JS engines optimize the time that is required for the compilation and execution for better performing websites. For example, the chunks of code that didn't change between the last execution and the current execution will not be recompiled, but the previously compiled code will be run again by the JS engine. This is just one of the optimizations, there are many more.
Browsers also give you a couple of other features that are called the Web API's. API is short for Application Programming Interface. It is an interface that defines interactions for the software that is used, and how to use those interactions. These Web API's are part of the browser, but you can access them via your JS code, in ways that are defined by the browser. They are communication bridges between you and some features of the browser. The Web API's are also standardized (thankfully, or we would be writing different JS codes for each browser) and do not differ between browsers. The group that works on standardizing the Web API's is named WHATWG, and they are pretty cool. Check out the other API's they work on, from here.
Now, how are your variables stored? How does function execution work, how is the order of execution guaranteed? Let's dive into those.
We have two important concepts inside of the JS engine, the heap and the call stack. Heap is a long term memory allocated to the browser by the operating system and the browser manages the heap. Stack manages the execution flow of the program, it is more of a short term memory. The stack is interested in the current function that is being executed. If you call a function, it is added on top of the call stack and when that function returns, it is removed from there.
JavaScript is a single-threaded programming language. It does one thing at a time and it has a single call stack. JS code is read from top to bottom and gets executed in that order.
If you declare a function but never call it, it gets registered in the heap. The declared functions have a rather long life, they stay registered in the heap as long as your application stays open.
Let's see how heap and stack works on a simple JS code snippet:
function getAge() {
return prompt("Your age:", "")
}
function getPermission() {
const age = parseInt(getAge())
if (age >= 0 && age < 21) {
console.log("Age under 21: drinking alcoholic beverages is not permitted.")
} else if (age >= 21) {
console.log("You are legally permitted to drink. Enjoy yourself.")
} else if (typeof age !== number) {
console.log("Please enter a valid number.")
}
}
getPermission()You can try running this code snippet in your Chrome console.

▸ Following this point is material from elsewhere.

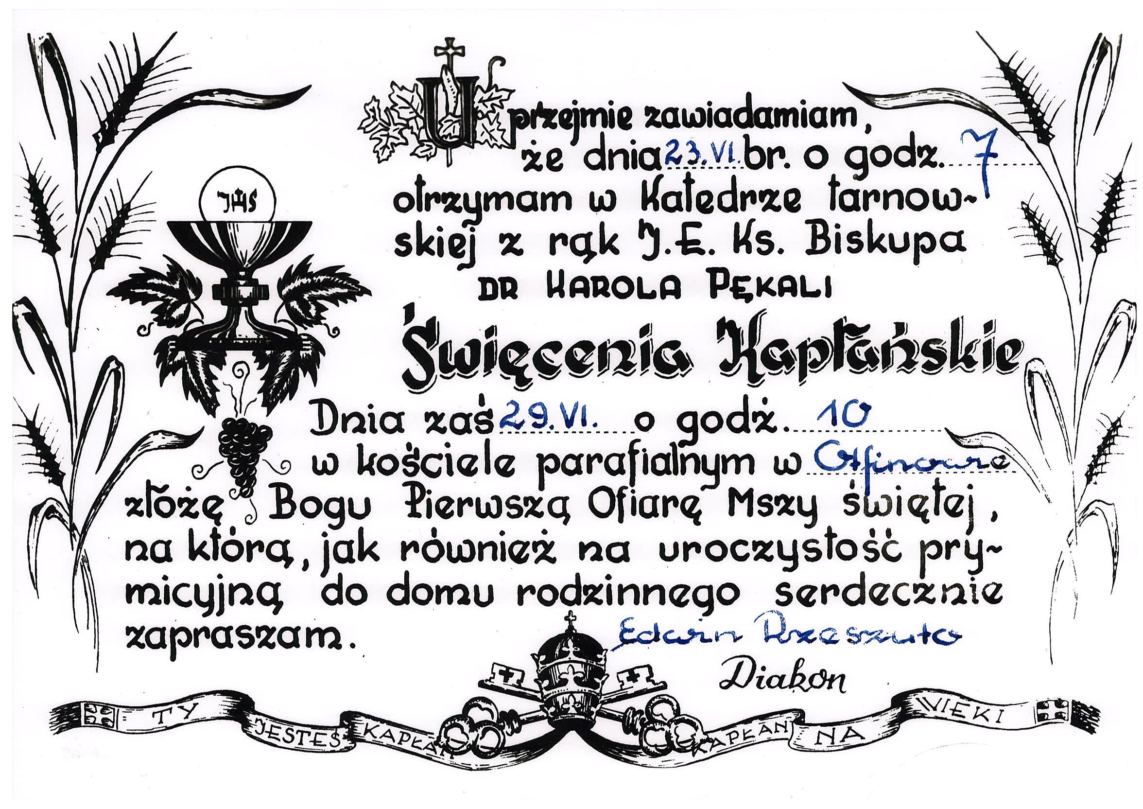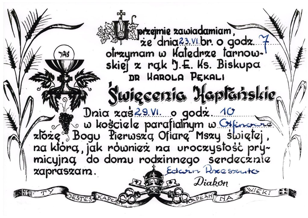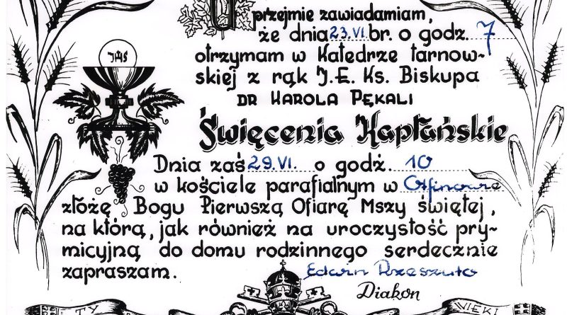 65 lat temu, pochodzący z Przybysławic, ks. prałat mgr lic. Edwin Rzeszuto, przyjął święcenia kapłańskie z rąk biskupa Karola Pękali. Pamiątką tego wydarzenia jest zaproszenie, które udostępniła nam z rodzinnego archiwum pani Dorota Pochroń. Bardzo dziękujemy.

So, at the example above, the two functions (getAge and getPermission) are stored in the Heap, and as the code runs, the browser pushes the currently running function to the stack. The topmost item in the call stack is always the thing that's currently happening.
Let's dissect the execution of the code above, step by step, by symbolizing the items in the call stack as pancakes:
- 🥞 Bottom pancake gets baked: First, the overall script that is running is pushed to the stack, and as our script has no name it will run as "anonymous". This makes the first thing that will be pushed in stack anonymous().
- 🥞🥞 Second pancake from the bottom gets baked: Then the JS engine will read the file from top to bottom and getPermission function will be called. The second item that is pushed to the call stack is getPermission().
- 🥞🥞🥞 Third pancake from the bottom gets baked: parseInt() is pushed on top of the stack.
- 🥞🥞🥞🥞 Fourth pancake from the bottom gets baked: getAge() is pushed on top of the stack.
- 🥞🥞🥞🥞🥞 Fifth pancake from the bottom gets baked: prompt() is pushed on top of the stack.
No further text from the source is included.